Don't wanna walk the MPMF route? Bring a bike (or just rent one!)

With the addition of the Ballroom at the Taft Theatre and Mainstay Rock Bar, the footprint of this year's MidPoint Music Festival has expanded, stretching from East Liberty (where the Grammer's tent/Dewey's Pizza Stage is located) to Fifth Street, near Fountain Square. That's a hike, especially if you're trying to go from Over-the-Rhine to Downtown (or vice versa) to see another performer, and you need to do so a little more quickly than your legs will carry you.

Soon, MidPoint will help showcase the currently-under-construction streetcar, which will be looping around the area and be a convenient way to speed from one stage to another.

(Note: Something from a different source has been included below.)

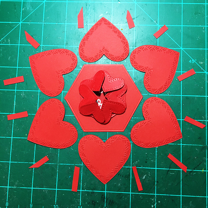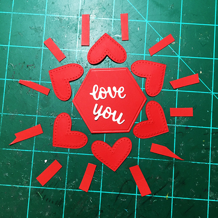 Bag: (Watch assembly video) Using coordinating decorative paper, cut the two Mini Gift Bag pieces and assemble as directed on the packaging. (I used glue to assemble the bag.) Add ribbon or pom-pom string for handles. Decorate with leftover hearts from other pieces in the set.

But for now, you're going to have to hoof it.

Or bike it.

You are encouraged to bring your own bike — thanks to a partnership between the City of Cincinnati and MidPoint, there will be tons of places to lock them up. Your bicycle can legally be locked up onto parking meters and sign poles throughout Over-the-Rhine and Downtown and, below, you can view a map that shows the 11 temporary bike "corrals" that have been added close to most MPMF venues this year. Those are in addition to the racks already available in the area.

"We want to encourage festival goers to try going car-less this year. With all of the venues located in such a compact area in OTR and Downtown, this is a great opportunity to experience how easy it is to get around town on a bicycle," Michael Moore, Director of the Department of Transportation & Engineering, is quoted as saying in a press release.

If your own ride is in the shop, you're coming in from out of town or you just don't want to worry about it, you can easily rent one at the fest. The Cincinnati Bike Center is offering discount bicycle rentals at a rental station set up at the MidPoint Midway, located on 12th Street, between Vine and Walnut streets. The rental bikes will be available at a flat rate of $15 for a four-hour rental.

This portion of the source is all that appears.